By Mathew Wilkins
VANCOUVER – Post-classical, neoclassical, neoromantic, electroacoustic… these are just a few words to describe types of music even our most seasoned concert-going readership may have a hard time defining. Yet they are also the sonic bread and butter of Music on Main’s annual Modulus Festival, a five-day showcase of the world’s best in contemporary classical music. Aimed at providing diverse and accessible programming to the city, this festival is the perfect opportunity for those of us looking to expand our sonic palate.
“Modulus is full of opportunities to get in a room with people from around the world and hear things that you don’t normally get to hear in your own community,” says Dave Pay, founder of Music on Main and Artistic Director for the festival.
According to Pay, Modulus’ programming is absolutely brimming with the unconventional; composers, conductors, and performers from far and wide have been specially selected for this year’s festival to show Vancouver citizens how “composers are seeing and hearing the world.” Included in the programming are artists like British composer and vocalist Laura Bowler, whose piece explores online political activism through lyricism, composition, and mixed media.
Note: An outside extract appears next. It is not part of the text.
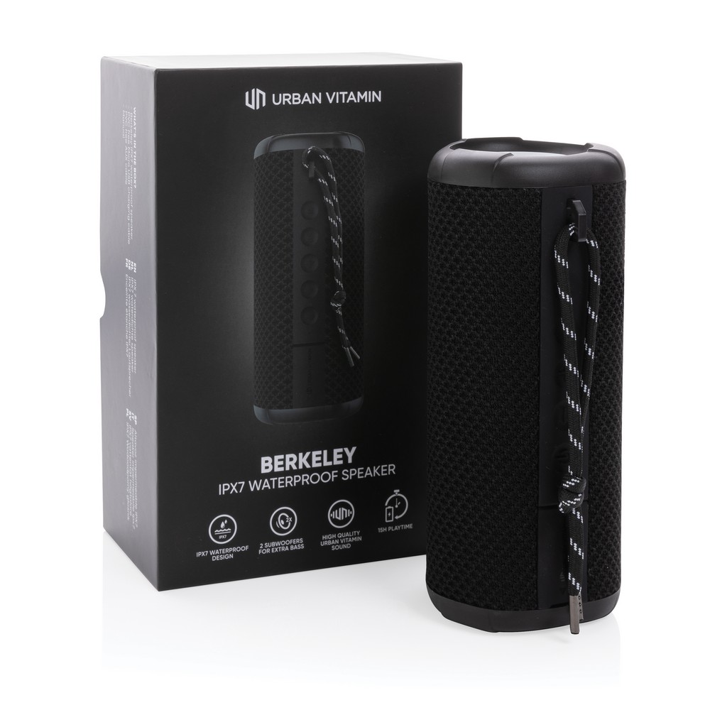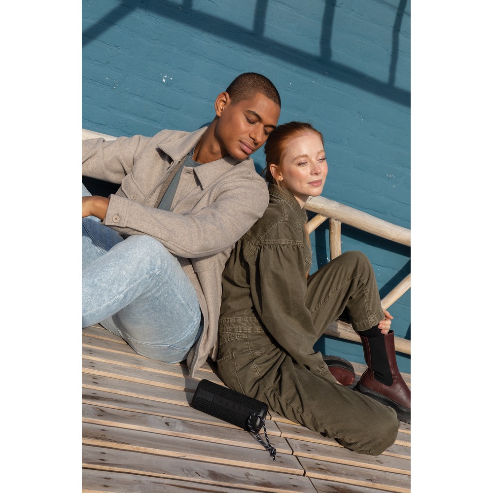 Głośnik bezprzewodowy 10W, wodoodporny IPX7 (do 30 min zanurzenia na głębokości do 1 m), wbudowany mikrofon, funkcja odbierania połączeń, do 15 godzin odtwarzania na jednym ładowaniu, mocny bas dzięki dwóm zintegrowanym głośnikom niskotonowym, wytrzymała obudowa i mocna tkanina, produkt nie zawiera PVC, opakowanie nie zawiera plastiku, ślad węglowy produktu: 4,16 kg CO2

Others, like French composer Thierry Pécou, have written works for the show that, through their music, provide refuge from rapid and invasive technological progress.
“These artists are of the world,” explains Pay of this year’s selections. “And they’re creating works that are of the world and relevant to all of us. And that’s something that I think people don’t expect with new music, or contemporary classical, or whatever they’re calling it.”
This year’s music, as a result, is highly varied. Some pieces explore what Pay calls “the fallibility of technology.” Other performances focus on the audience’s visceral reaction to sound. Yet words obviously fail when trying to describe the myriad compositions that will be at this year’s Modulus. The best option, dear readers, is obviously to attend… and with ticket prices sitting at a comfortable maximum of $29, this opportunity is a hard one for the sonically curious to pass up. Not convinced? Try checking out some of the free Modulus events to whet your aural appetite.
”We want all the shows to be accessible because we know that sharing art and experiencing art together builds a stronger community,” explains Pay, before artfully capping off the interview with something we can all agree on:
“We all end up caring more for each other when we listen together.”
Modulus Festival runs from November 2-6 at the Roundhouse Community Arts & Recreation Centre, CBC Studio 700, and The Post at 750.